### SUPPLIED DATA:
= Beginning of Section =

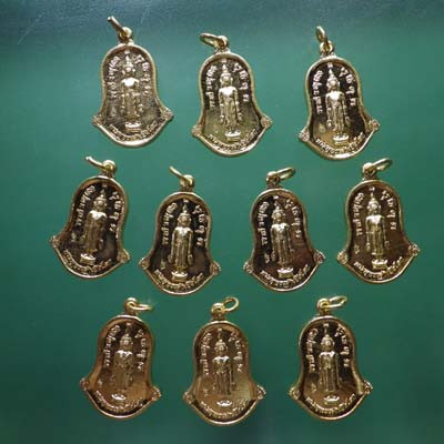 เหรียญยืนหลวงพ่อบุญเย็น สำนักพระเจ้าพรหมมหาราช จ.เชียงใหม่ รุ่นสร้างสะพาน 2521 เนื้อกะไหล่ทองลงยา
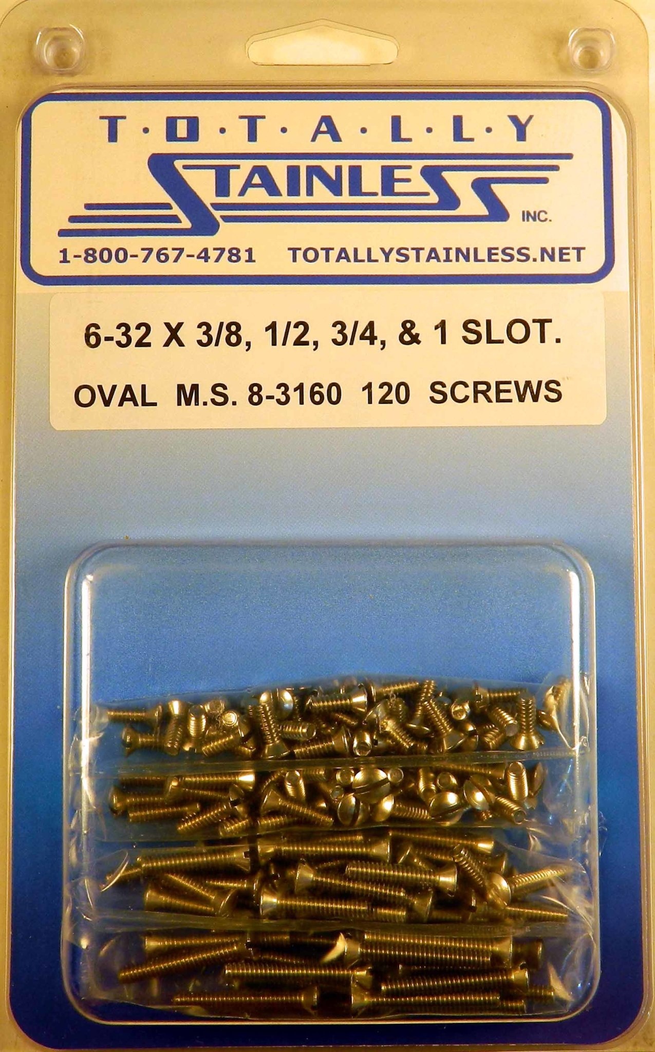 Genuine Totally Stainless #6-32 x 3/8", 1/2", 3/4", & 1" Stainless Slotted Oval Head Machine Screws - 8-3160 - 18-8 Stainless Steel - 120 Screws
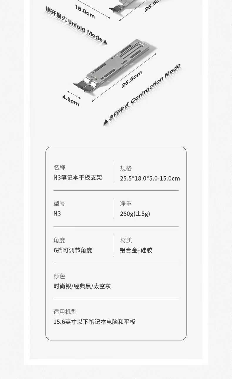 노트북 브래킷 N3 알루미늄 합금 접이식 리프팅 냉각 랙 휴대용 데스크탑 높이 브래킷 도매 생성스토어 가기

= End of Section =

### EXERCISE:
Only the lines between the one containing "Genuine Totally Stainless" and the last line of the listing above, both included, should be written out, exactly and without pictures.

### EXERCISE SOLUTION:
 Genuine Totally Stainless #6-32 x 3/8", 1/2", 3/4", & 1" Stainless Slotted Oval Head Machine Screws - 8-3160 - 18-8 Stainless Steel - 120 Screws
 노트북 브래킷 N3 알루미늄 합금 접이식 리프팅 냉각 랙 휴대용 데스크탑 높이 브래킷 도매 생성스토어 가기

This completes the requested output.